Sample cover email (copy/paste)
Subject: Handoff for [Client Name] — beneficiary/titling review (Family Harbor link)
Hello [Name],
Per [Client Name]’s request, here is a read-only link to their Family Harbor handoff folder (client-owned Google Drive). It includes a 1-page cover note, access map, high-level asset/beneficiary summaries, and PDFs of existing estate documents.
Link (view/comment): [insert Drive/Dropbox link]
Link expires: [date]. If you need editor access or additional documents, reply and we’ll enable it.
Scope of ask: [e.g., Confirm beneficiary/titling alignment; advise whether a revocable trust is appropriate; draft updated POA/health-care proxy.]
Client retains custody of all files; please avoid email attachments when possible and comment directly in the folder.
Thank you,
[Your name, role, firm, phone]
Version control and naming
- Use YYYY-MM prefixes and clear slugs (
Will_2018.pdf
,Trust_2021-A1.pdf
).
- For edits, save recipient’s marked-up copy as
filename_reviewed_by_Smith_2025-09.pdf
.
- Keep a plain-text
CHANGELOG.md
in the handoff folder with one-line entries.
Follow-up rhythm
- T+2 business days: confirm the recipient could access the folder and has the scope/ask.
- T+10 business days: nudge for proposed next steps or meeting date.
- Expiry-1 week: confirm either extend access or close the handoff and archive the subfolder.

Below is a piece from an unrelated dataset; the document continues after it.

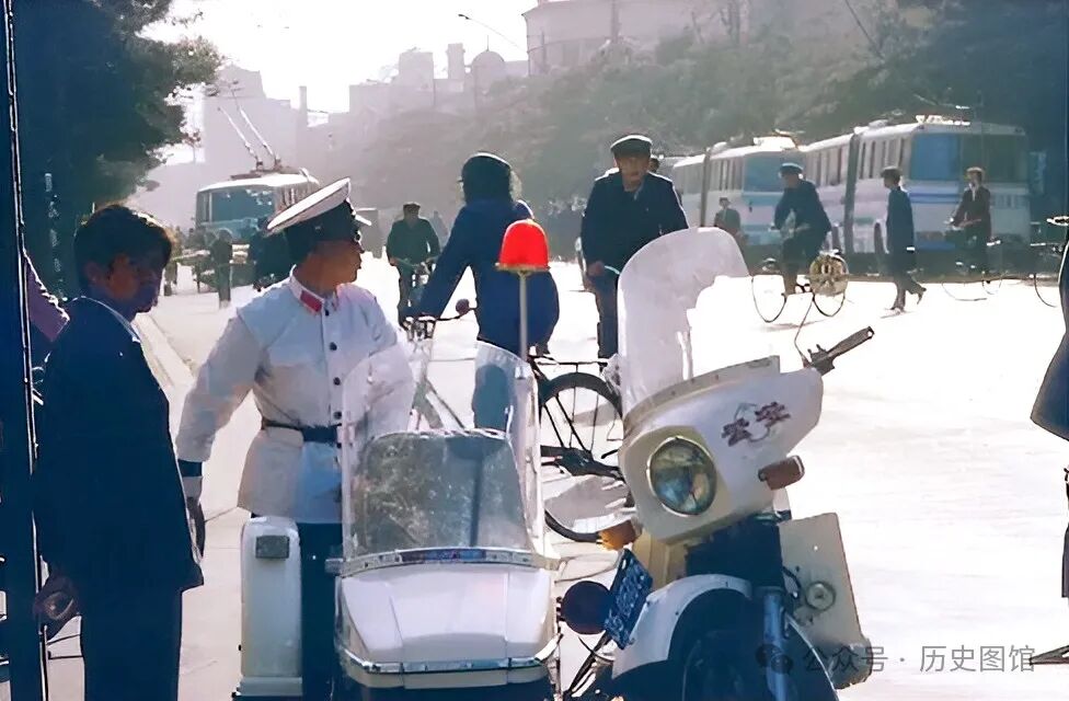 80年代的沈阳街头,身穿白色制服的公安,正在街头执勤。他们骑着白色的偏三轮,车尾竖有警灯。
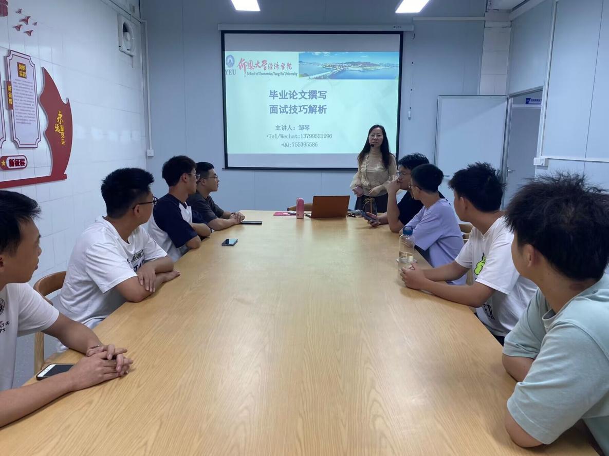 2023年11月9日19:00-20:30,betway西汉姆联官网经贸系邹琴老师作为值班学业导师入驻新区男生宿舍“一站式学生社区”宏船书院,为大四学生举办关于毕业论文撰写及求职面试讲座,为面临毕业压力的学生提供帮助。

All nudges can be tracked as tasks in the client’s Family Harbor checklist (owner, due date, link).
Conflict, fees, and engagement notes
- Ensure the client signs the recipient’s engagement letter before substantive advice flows.
- Avoid any fee-splitting or referral compensation that would violate professional rules. Keep any permitted marketing or courtesy arrangements separate from matter billing.
- Your records: store links and summaries in your system; avoid downloading client PII where not required by your policy.
Edge cases
- Multiple professionals: create one dated handoff folder per recipient to avoid cross-comment confusion.
- Client rescinds access: respect immediately; note in the Family Harbor checklist; offer to resend if/when they re-authorize.
- No cloud access recipient: send the cover note by email and deliver a time-boxed, encrypted ZIP of the same packet (password shared via voice/SMS). Add the ZIP to the handoff folder for audit.
Quick checklist (printable)
- Client consent captured
- Scope clarified (one-sentence ask)
- Handoff folder created and named with date/counterparty
- Cover note, access map, summaries, existing instruments present
- Viewer/commenter link with expiry set
- Email sent with link only (no attachments)
- Handoff logged in Family Harbor checklist with next review date
Reminder: Family Harbor is an organizational layer. Clients own their storage and control access; you remain the professional advisor. Use links, not attachments, and keep the handoff narrow to the decision at hand.